Effect of Lantus and Apidra in Patients With Acute ST Elevation Myocardial Infarction

Status:
Terminated
Trial end date:
2009-11-01
Target enrollment:
0
Participant gender:
All
Summary
Primary objective: To demonstrate that in hyperglycemic subjects with anterior STEMI (ST Elevation Myocardial Infarction) undergoing Percutaneous Coronary Intervention (PCI), tight glycemic control using insulin glulisine and insulin glargine, i.e. Intensive Insulin Therapy (IIT), results in reducing infarct size at day 60 versus (vs) Standard Glycemic Care (SGC). Secondary objectives: To demonstrate that tight glycemic control using insulin glulisine and insulin glargine reduces markers of inflammation and improves Left Ventricular (LV) function and Cardio-Vascular (CV) outcomes from baseline values, in hyperglycemic subjects with STEMI undergoing Percutaneous Coronary Intervention (PCI).
Phase:
Phase 3
Accepts Healthy Volunteers?
No
Details
Lead Sponsor:
Sanofi
Treatments:
Insulin
Insulin Glargine
Insulin glulisine
Insulin, Globin Zinc
Criteria
Inclusion Criteria:

- Men or women = or > 35 years of age presenting to the hospital with hyperglycemia
(plasma glucose >140 mg/dL) and Primary Anterior wall ST-Elevation Myocardial
Infarction (AW STEMI)

- No history of illicit drug abuse in past year

- A minimum of 30 minutes but < or = 6 hours of continuous pain/symptoms immediately
prior to presentation

- Subjects who will undergo primary percutaneous coronary intervention (PCI)

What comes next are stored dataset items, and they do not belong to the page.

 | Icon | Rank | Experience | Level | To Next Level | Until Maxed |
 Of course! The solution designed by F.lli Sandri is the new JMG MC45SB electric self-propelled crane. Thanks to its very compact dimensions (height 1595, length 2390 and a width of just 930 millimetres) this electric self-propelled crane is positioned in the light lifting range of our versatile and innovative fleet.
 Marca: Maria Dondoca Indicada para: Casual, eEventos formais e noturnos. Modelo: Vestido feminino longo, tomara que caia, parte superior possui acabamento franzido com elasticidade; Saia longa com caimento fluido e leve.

- At least 2 contiguous precordial leads demonstrating at least 2 mm of ST-segment
elevation consistent with anterior wall MI

- Signed informed consent and HIPAA documentation (US only) prior to participation in
the study

- Subjects ability and willingness to adhere to and be compliant with study protocol

Exclusion Criteria:

- A prior history of Myocardial Infarction (MI)

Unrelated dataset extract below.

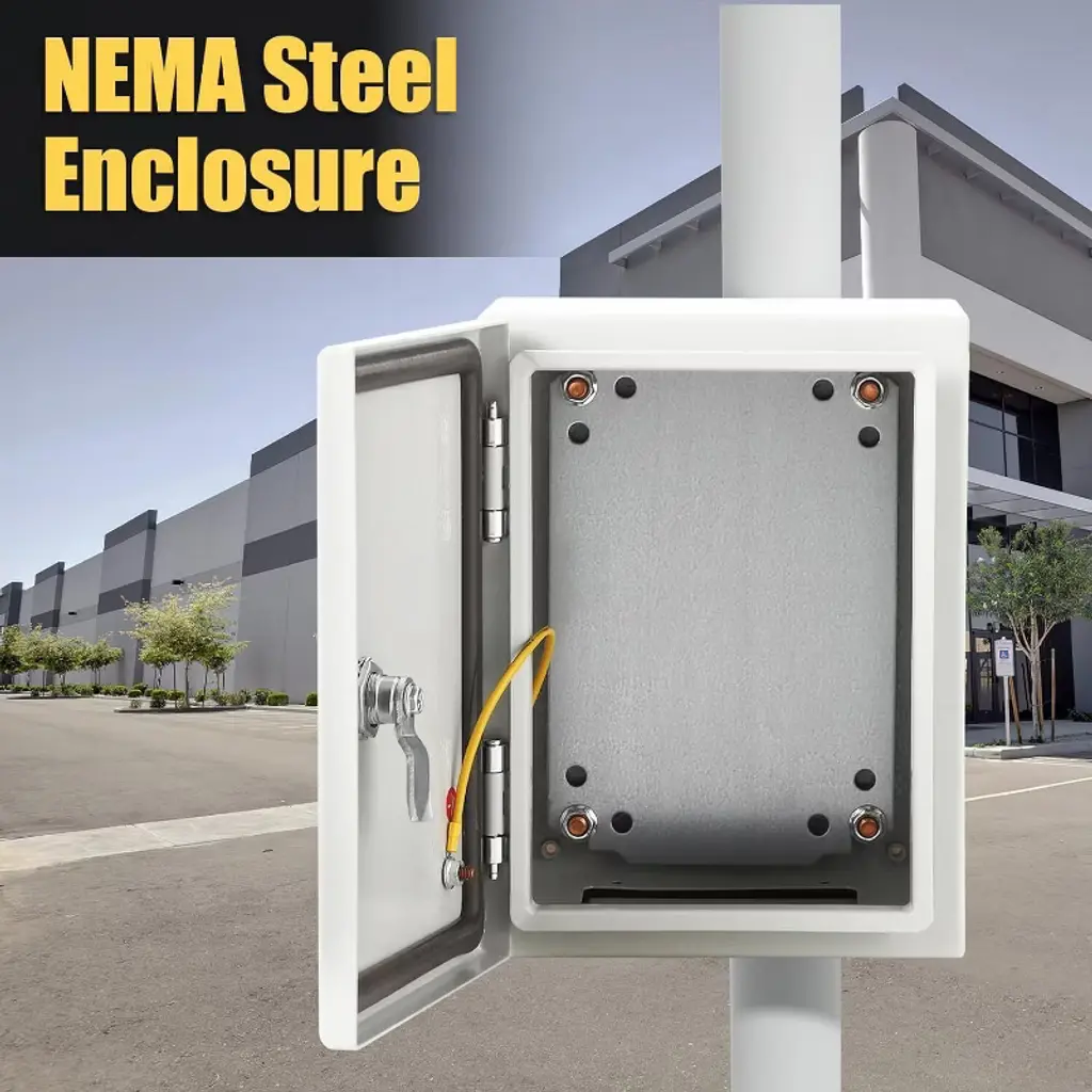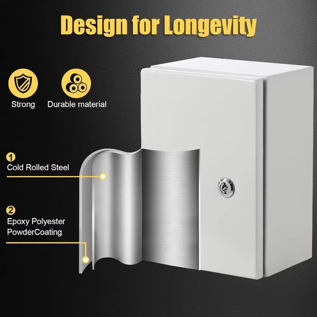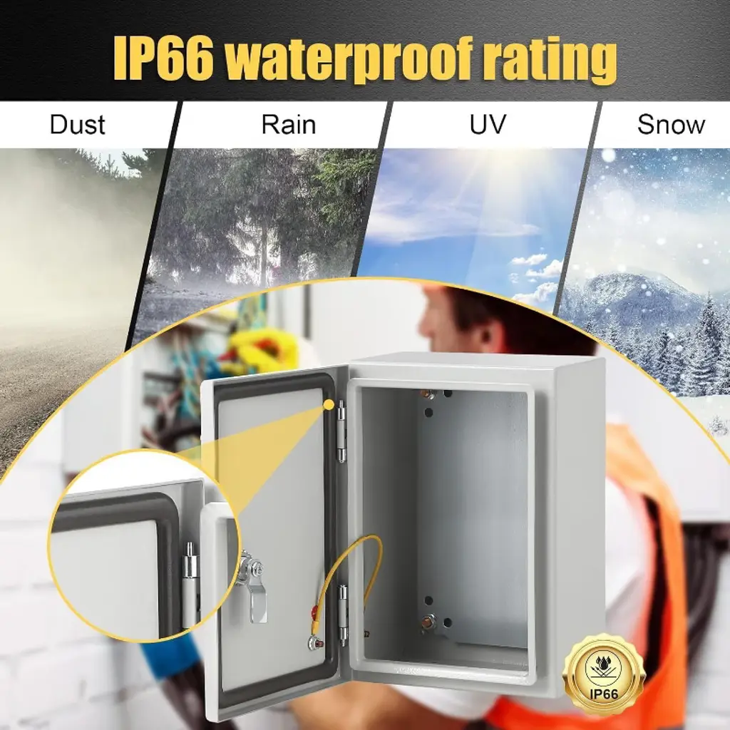 Outdoor Electrical Box, IP66 Waterproof & Dustproof, Electrical Junction Box with Mounting Plate for Indoor Outdoor UseThis heavy-duty electrical box is constructed from 0.06-inch (1.5mm) cold-rolled steel, providing excellent impact resistance, flame retardancy, and electromagnetic shielding. Designed to meet IP66 and NEMA 4X waterproof standards, it protects internal components from water, dust, snow, and UV exposure. Equipped with a robust safety lock, high-strength hinge, and ground screw, it ensures durable and secure electrical installations. Easy to install with pre-drilled mounting holes and convenient cable access, this versatile enclosure is suitable for a wide range of industrial, commercial, and residential applications.

- Subjects who have received any thrombolytic therapy during the current hospital
admission

- Severe Heart Failure or cardiogenic shock (Killip class 3 or 4) by history or present
at the time of screening

- Subjects with a plasma glucose >400 mg/dL or diabetic ketoacidosis (DKA)

- History of Type 1 diabetes

- Active bleeding

- Active malignancy, chronic or other medical conditions likely to result in death over
the next one year

- Recent hypotension requiring inotropic support in the past 30 days

- Participation in another clinical research study in the past 30 days

- Pregnant or lactating women (women of childbearing potential must have a negative
pregnancy test at study entry and a medically approved contraception method)

- Unwilling to give informed consent

- Subjects directly involved in the conduct of the study

- Known hypersensitivity to insulin glargine or glulisine

- Contraindication to MRI: a)Intracranial aneurysm clips (Unless the investigator is
certain that it is made of non-ferromagnetic material such as titanium)b)Intra-orbital
metal fragments c)Any electrically, magnetically or mechanically activated implants
(including cardiac pacemakers, biostimulators, neurostimulators, cochlear implants,
and hearing aids) d)Warning about Gadolinium-based contrast agents (GBCAs) Exposure to
GBCAs increases the risk for nephrogenic systemic fibrosis (NSF). Therefore the
following subjects should be excluded from the trial based on a history and/or
laboratory tests:

- acute or chronic severe renal insufficiency (glomerular filtration rate <30
mL/min/1.73m2), as calculated by the MDRD (Modification of diet in Renal Disease)
equation, or

- acute renal insufficiency of any severity

- Subjects with blood pressure > or = to 200/110 mmHg at time of randomization

- Subjects with a high degree of non-transient AV (Atrio-Ventricular) block

The above information is not intended to contain all considerations relevant to a patient's
potential participation in a clinical trial.